In life cycle assessment (LCA), literature suggests accounting for land as a resource either by what it delivers (e.g., biomass content) or the time and space needed to produce biomass (land occupation), in order to avoid double-counting. This paper proposes and implements a new framework to calculate exergy-based spatial explicit characterization factors (CF) for land as a resource, which deals with both biomass and area occupied on the global scale.

Methods

We created a schematic overview of the Earth, dividing it into two systems (human-made and natural), making it possible to account for what is actually extracted from nature, i.e., the biomass content was set as the elementary flow to be accounted at natural systems and the land occupation (through the potential natural net primary production) was set as the elementary flow at human-made systems. Through exergy, we were able to create CF for land resources for these two different systems.

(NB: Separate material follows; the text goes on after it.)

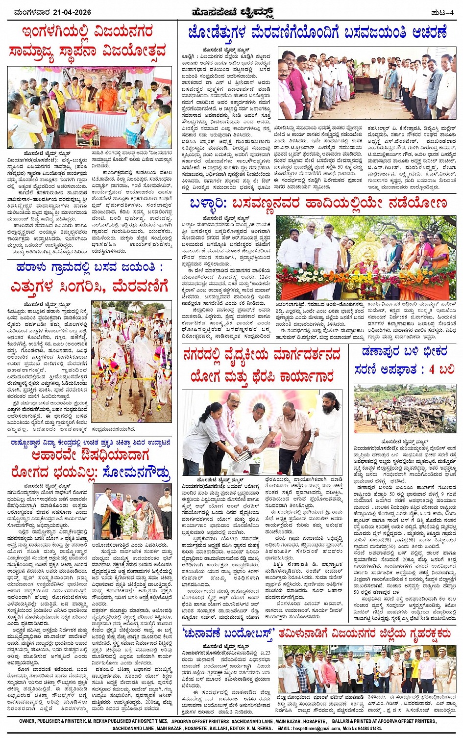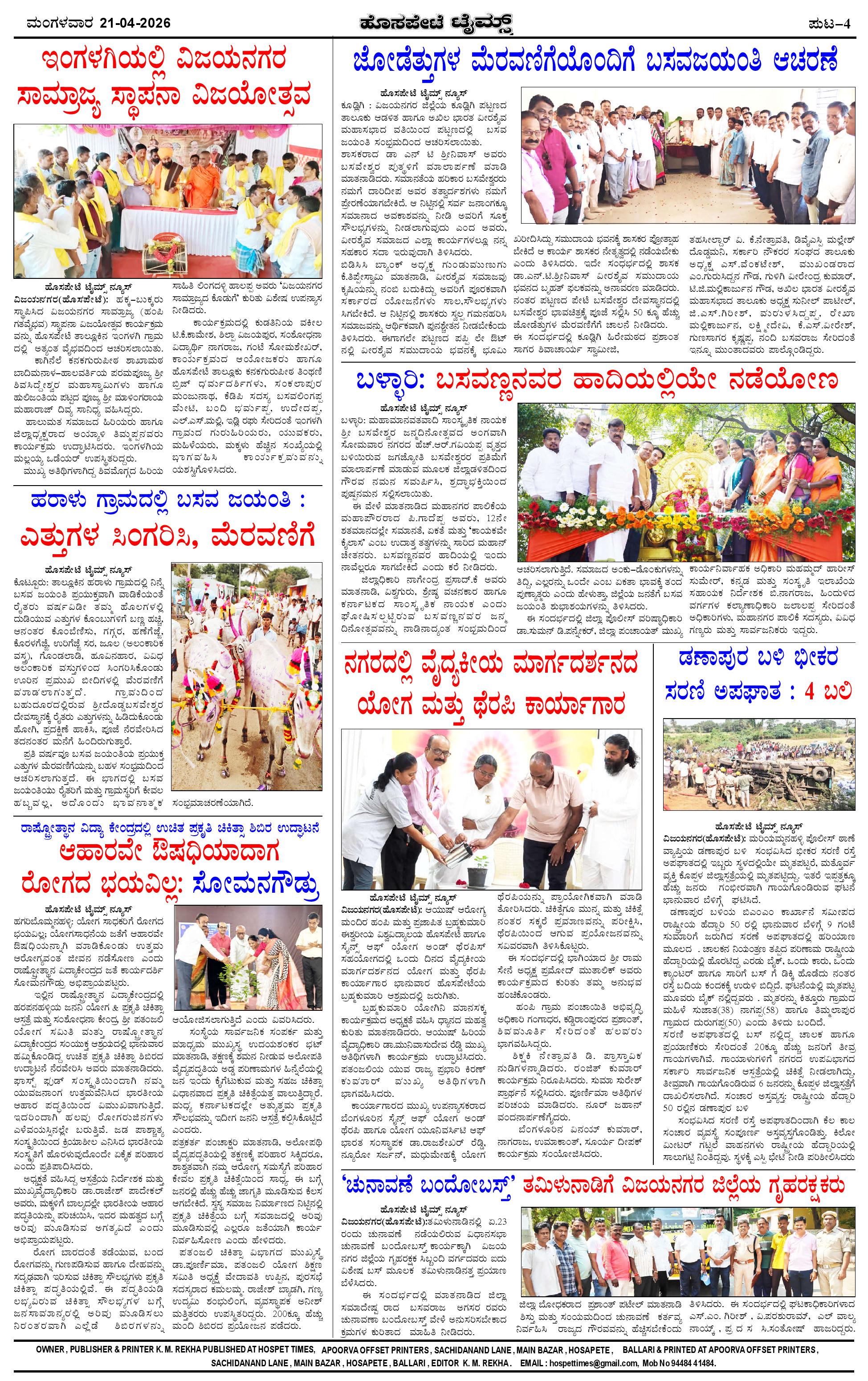 ಮಾಧ್ಯಮ ಅಕಾಡೆಮಿ ಪ್ರಶಸ್ತಿ ಪುರಸ್ಕೃತ 'ಹೊಸಪೇಟೆ ಟೈಮ್ಸ್' Page: 4 April 21, 2026 << First << 4 >> Last >> Page 1Page 2Page 3Page 4 × ಮಾಧ್ಯಮ ಅಕಾಡೆಮಿ ಪ್ರಶಸ್ತಿ ಪುರಸ್ಕೃತ 'ಹೊಸಪೇಟೆ ಟೈಮ್ಸ್' HPT-21042026-page-001HPT-21042026-page-002HPT-21042026-page-003HPT-21042026-page-004 << First << 4 >> Last >> HPT-21042026-page-001HPT-21042026-page-002HPT-21042026-page-003HPT-21042026-page-004 HPT-21042026-page-004

The relevancy of the new CF was tested for a number of biobased products.

Results and discussion

Site-generic CF were created for land as a resource for natural systems providing goods to humans, and site-generic and site-dependent CF (at grid, region, country, and continent level) were created for land as a resource within human-made systems. This framework differed from other methods in the sense of accounting for both land occupation and biomass content but without double-counting. It is set operationally for LCA and able to account for land resources with more completeness, allowing spatial differentiation. When site-dependent CF were considered for land resources, the overall resource consumption of certain products increased up to 77 % in comparison with site-generic CF-based data.

Conclusions

This paper clearly distinguished the origin of the resource (natural or human-made systems), allowing consistent accounting for land as a resource. Site-dependent CF for human-made systems allowed spatial differentiation, which was not considered in other resource accounting life cycle impact assessment methods.